En Afrique, les enfants sont rois ! Ma sœur et moi profitions allégrement de cet état de fait.

Face aux punitions et fessées administrées par nos parents lorsque nous avions poussé le bouchon un peu trop loin, nous avions vite compris que nos cris et nos pleurs exagérés attireraient aussitôt les boys qui accourraient des cuisines pour nous soustraire à la colère parentale.
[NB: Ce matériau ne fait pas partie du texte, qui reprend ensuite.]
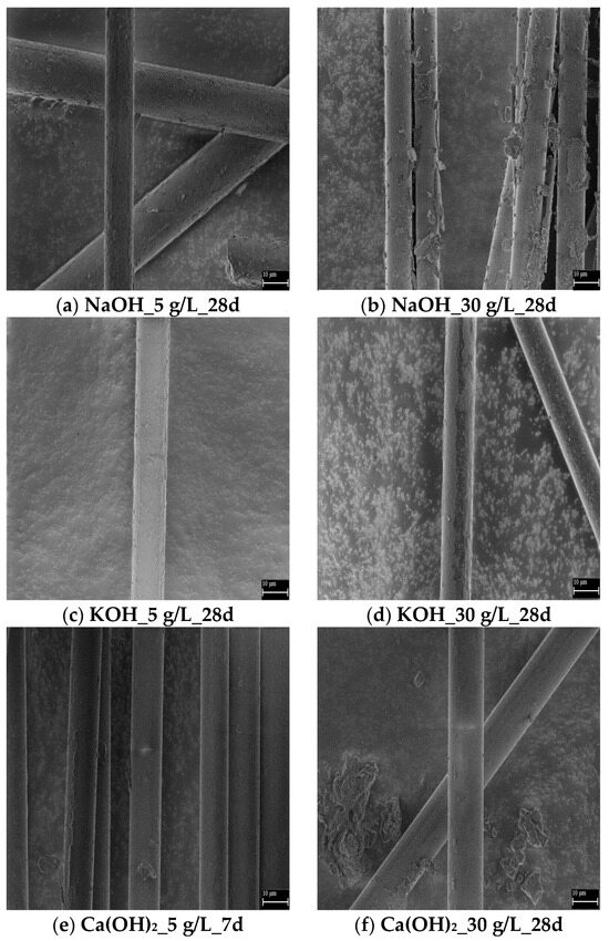 The role of alkali type is also significant. NaOH, due to its smaller hydrated ionic radius, penetrates more effectively into the fiber network, causing more aggressive dissolution relative to KOH [52]. By contrast, Ca(OH)2 behaves differently: although it maintains a highly alkaline pH, the presence of Ca2+ ions can lead to precipitation of secondary calcium-silicate-hydrate (C-S-H) phases on the fiber surface. This deposition may create a passivation layer that temporarily slows further attack, explaining the delayed but eventually pronounced degradation observed at longer durations with higher Ca(OH)2 concentrations. The lower OH− activity of Ca(OH)2 is consistent with the measured pH values of the prepared solutions (Table 4), highlighting that solution alkalinity directly influences the rate of silicate network dissolution and fiber degradation.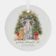 A Christmas Holiday Ornament with beautiful watercolor door, wreaths, bows and a cute golden retriever dog - Holiday decorations from Ricaso - add your own text
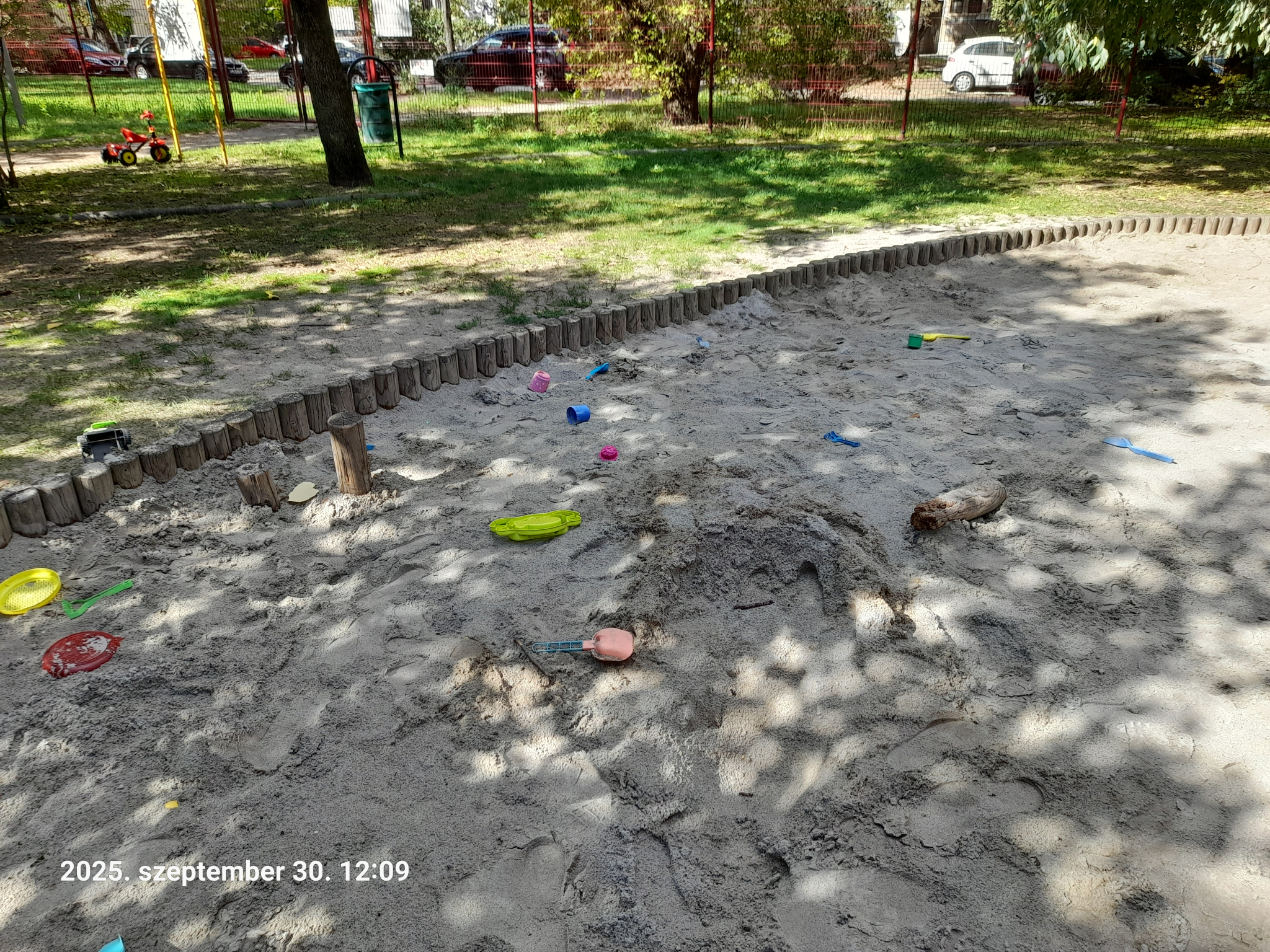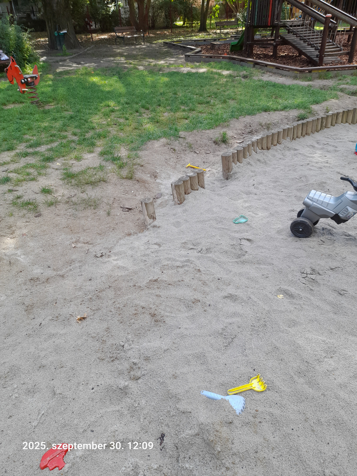 A Macis játszótéren a homokozó széléül szolgáló fatuskókat a gyerekek megbontották. Most nagy területen hiányzik a homokozó széle, ezek a fatuskók pedig szanaszét hevernek, balesetveszélyesek.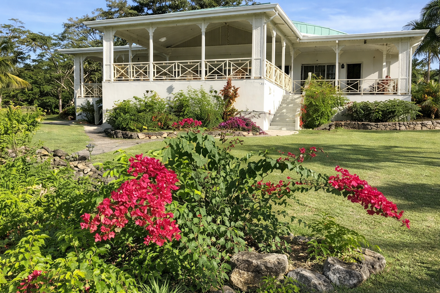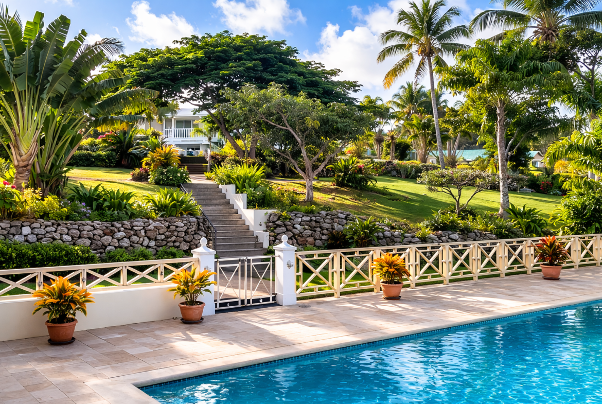 The upper gardens, resplendent with lawns, vibrant palms, and a variety of tropical plants, provide a tranquil retreat, while the private pool and tennis court seamlessly blend into the hillside landscape. With a touch of historical allure and modern amenities, Hill Rise House and Guest Cottage invite you to experience Caribbean living at its finest.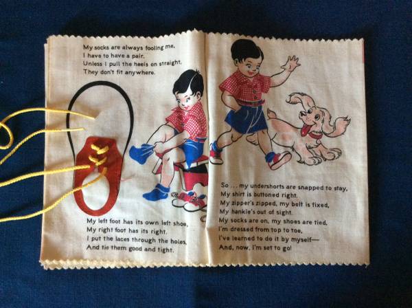 Cloth book “All By Himself” by Kay Clark, is an interactive book published by Plakie Toys, Youngstown OH. The book is in great condition, the “binding” stitching still perfect. The book helps a young child learn to snap, button, zip and buckle clothing plus tie shoes!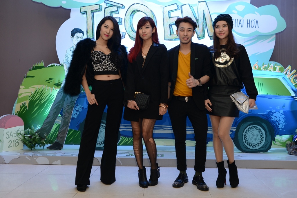 | Tiến Đạt và bạn gái Hari Won cũng có mặt trong sự kiện này. Sau Cuộc đua kỳ thú, cặp đôi rất đắt show đi dự sự kiện.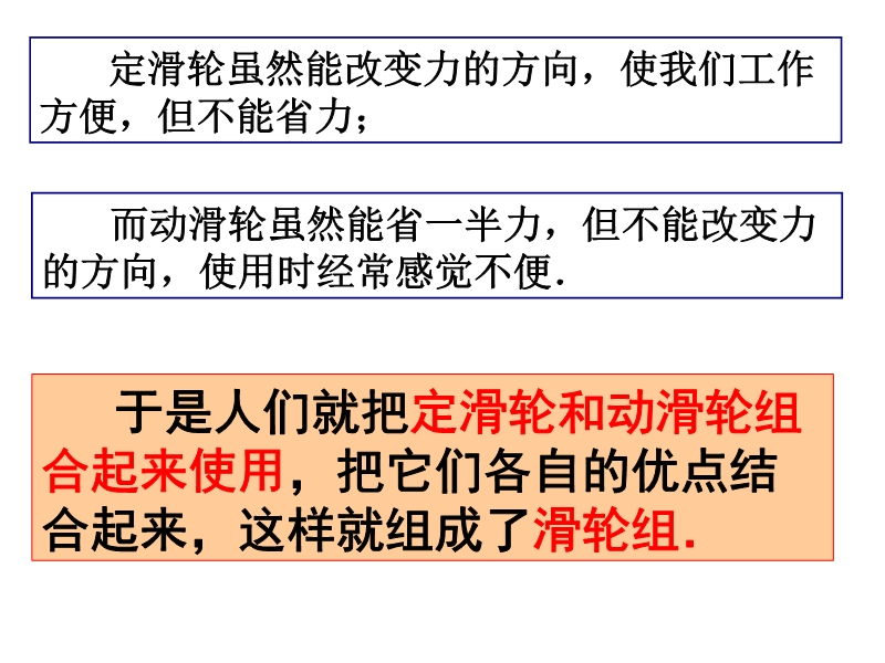 【内容简介】沪科版《10.2滑轮及其应用》(第2课时)ppt+flash课件,本课件以沪科版新教材第十章第二节为基础制作,共有37张幻灯片,并插入了一个flash动画。课件引导学生讨论了滑轮组的使用,并用flash动画作了模拟演示,课件还引导学生通过实验探究了滑轮组的使用特点,课件中精选了典型的例题和习题,还有中考题型。课件制作新颖、生动,可供教学“滑轮组”时参考使用。

Ils s’interposaient pour nous prendre dans leurs bras et les enfants que nous étions savourions cette victoire : nous avions échappé aux foudres de Papa ou Maman qui, finalement, baissaient la garde, amusés par tant de bienveillance. Ils réprimaient un sourire, faisant promettre que « cela ne se reproduise plus car sinon… ! »…et nous nous échappions, soulagées d’avoir évité une fois de plus la punition.

Au service de mes parents depuis de nombreuses années, les boys nous avaient vues naître et en quelque sorte nous leur appartenions un peu. 
Ils ne supportaient pas de nous voir pleurer. Ils cachaient ou réparaient la moindre de nos bêtises de peur que nous ne nous fassions gronder, et comme nous étions loin d’être des anges, ils avaient fort à faire !
 
   Pour accueillir de nouveaux arrivants français sur le sol nigérian, mes parents avaient décidé d’organiser une petite fête et de réunir pour l’occasion quelques amis inconditionnels qui faisaient partie de la communauté des français résidant à Lagos.
Il fut décidé de mettre au menu un énorme poulet aux arachides, un « maffé » amélioré dont Maman avait tous les secrets.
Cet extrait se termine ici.